"Voici ce que je pense, dès que je vois la matière ou la substance d'un corps, il me faut nécessairement concevoir, en même temps qu'elle est limitée et qu'elle a telle ou telle figure ; que, par rapport à d'autres, elle est grande ou petite ; qu'elle est en tel ou tel autre lieu ; qu'elle se situe à un moment ou à un autre ; qu'elle se meut ou qu'elle est immobile, qu'elle touche ou qu'elle ne touche pas un autre corps, qu'elle est une, qu'elle est quelques-unes, ou qu'elle est un grand nombre. Aucun effort d'imagination ne peut permettre de la concevoir séparée des contingences que je viens d'énoncer. Mais qu'elle soit blanche ou rouge, amère ou douce, sonore ou muette, d'odeur agréable ou désagréable, je ne sens rien dans mon esprit qui m'oblige à la concevoir comme nécessairement liée aux contingences susdites. Bien au contraire, si les sens ne venaient pas à notre aide, ni le raisonnement ni la représentation en elle-même n'arriveraient jamais à saisir de tels rapports. Cela m'induit à penser que ces saveurs, odeurs, couleurs, etc., dont l'existence ne nous paraît avoir qu'un caractère subjectif, ne sont pas autre chose que de simples mots et n'ont de réalité que dans notre corps sensible, si bien que, celui-ci disparaissant, toutes les qualités de cet ordre sont supprimées et annihilées... Mais que dans les corps extérieurs, pour susciter en nous des saveurs, des odeurs, et des sons, il faille autre chose que de la grandeur, de la forme, du nombre, et des mouvements lents ou rapides, je n'arrive pas à le croire. J'estime que, si l'on supprime les oreilles, la langue et le nez, les figures, les nombres et les mouvements continueront d'exister, mais non plus les odeurs, ni les saveurs, ni les sons, qui en dehors de la sensibilité d'un être vivant ne sont, me semble-t-il, que des mots, tout comme le chatouillement et le picotement ne sont que des mots si l'on supprime les aisselles et la muqueuse du nez."
Galilée, L'Essayeur, 1623, tr. fr. F.-M. Rosset et S. Martin, in Galilée, Points Sciences, 1992, p. 146-147.
"Les qualités primaires et les qualités secondaires.
Les qualités ainsi considérées dans les corps sont premièrement celles qui sont strictement inséparables du corps, quel que soit son état. [...]

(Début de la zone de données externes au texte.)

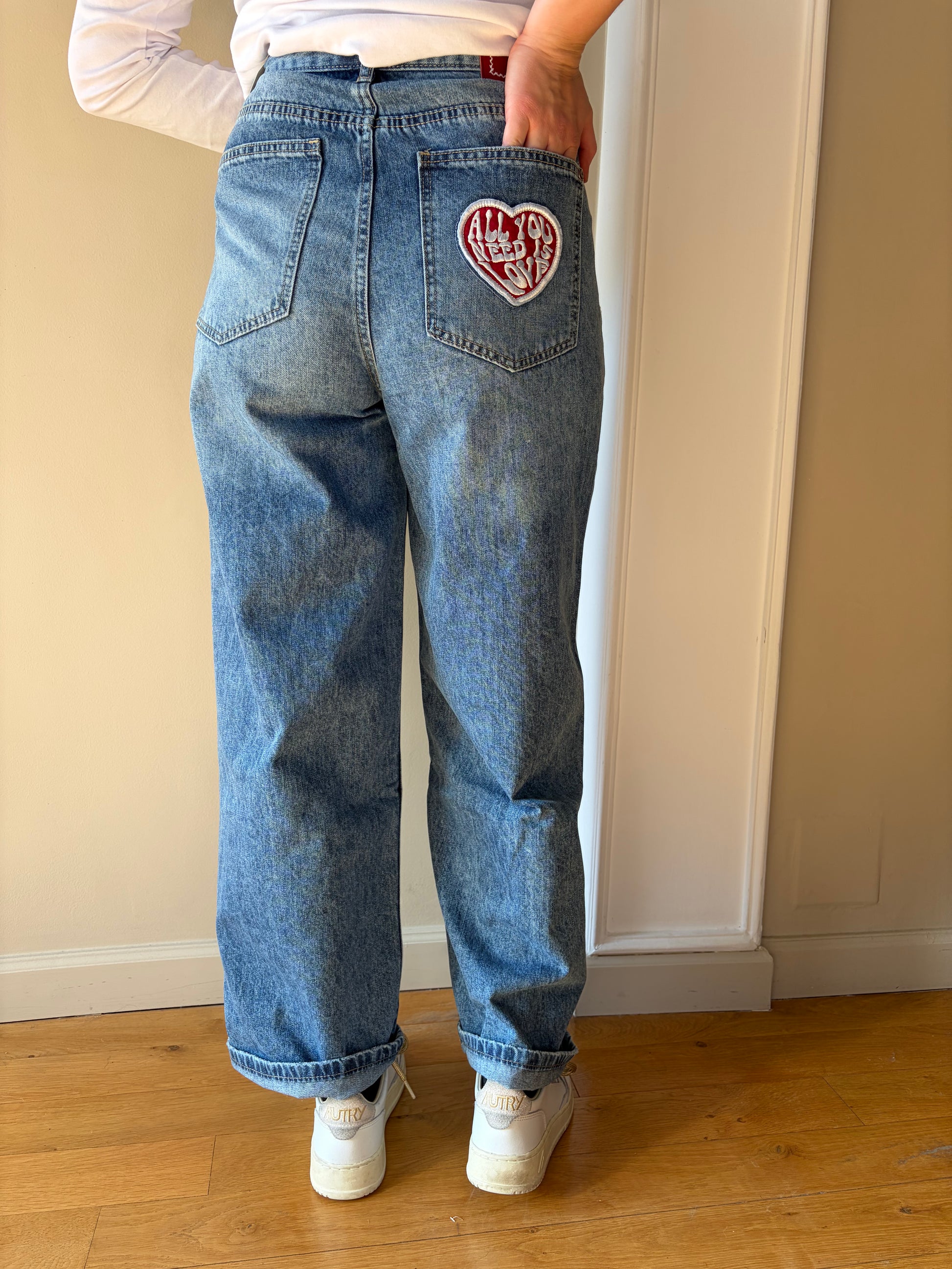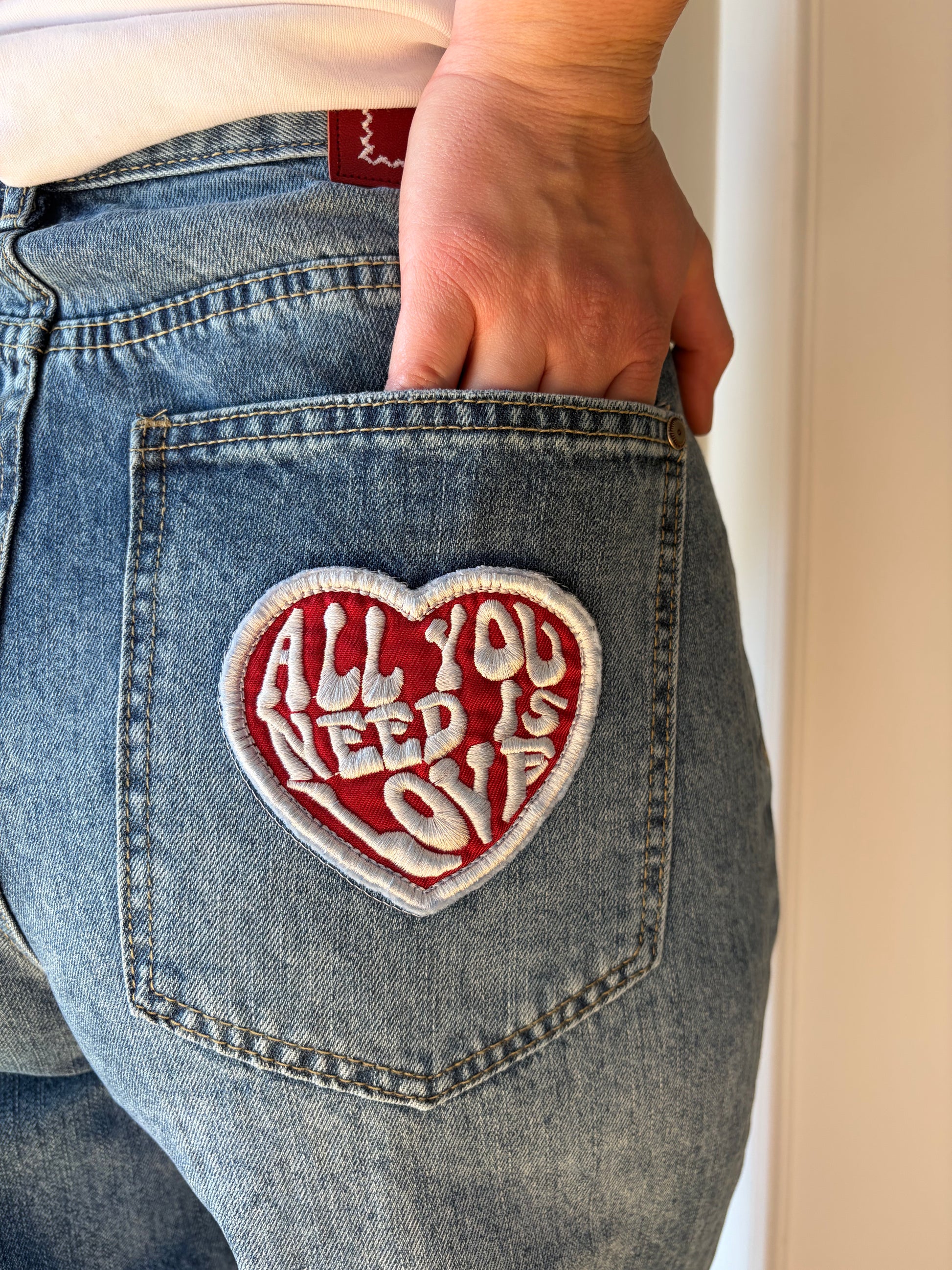 - Empiècements "all you need is love" sur la poche arrière

Chaque partie a toujours solidité, étendue, figure et mobilité. C'est ce que j'appelle qualités originales ou primaires des corps ; je pense que nous pouvons observer qu'elles produisent en nous des idées simples (solidité, étendue, figure, mouvement ou repos, et nombre).
[Les qualités considérées dans le corps sont...] deuxièmement ces qualités qui en réalité ne sont rien d'autre dans les objets eux-mêmes que les pouvoirs de produire diverses sensations en nous par leurs qualités primaires, c'est-à-dire par le volume, la figure, la texture et le mouvement de leurs éléments insensibles ; ce sont les couleurs, les sons, les goûts, etc. ; je les nomme qualités secondaires. [...]
Il faut ensuite considérer comment les corps produisent en nous des idées : c'est manifestement par poussée, la seule façon dont nous puissions concevoir l'action des corps. [...]
Il est concevable que les idées de qualités secondaires soient produites en nous de la même manière que les idées de qualités originales, à savoir par l'action des particules insensibles sur les sens. [...]
Supposons maintenant que les mouvements et figures, la masse et le nombre différents de ces particules affectent les divers organes des sens et produisent en nous les diverses sensations des couleurs et des odeurs des corps (par exemple, qu'une violette, par la poussée de ces particules insensibles de matière, de figure et de masse spécifiques, avec des mouvements de degrés et de types différents, produise dans l'esprit les idées de couleur bleue et l'odeur sucrée).
Les idées de qualités primaires sont des ressemblances ; pas les secondaires.
Il est aisé d'en tirer, je pense, cette observation : les idées de qualités primaires des corps en sont des ressemblances, et leur modèle existe effectivement dans les corps mêmes. Mais les idées produites en nous par les qualités secondaires n'ont absolument aucune ressemblance avec elles. Il n'y a rien comme nos idées qui existerait dans les corps mêmes ; et même si nous décrivons un corps à partir d'une idée, cette idée n'est là qu'un pouvoir de produire en nous cette sensation : ce qui est doux, bleu ou chaud en idée n'est que cette masse, cette figure et ce mouvement particuliers des éléments insensibles du corps même, que nous appelons ainsi."
John Locke, Essai sur l'entendement humain, 1690, § 9-11, 13, 15, trad. Vienne, Vrin, 2001.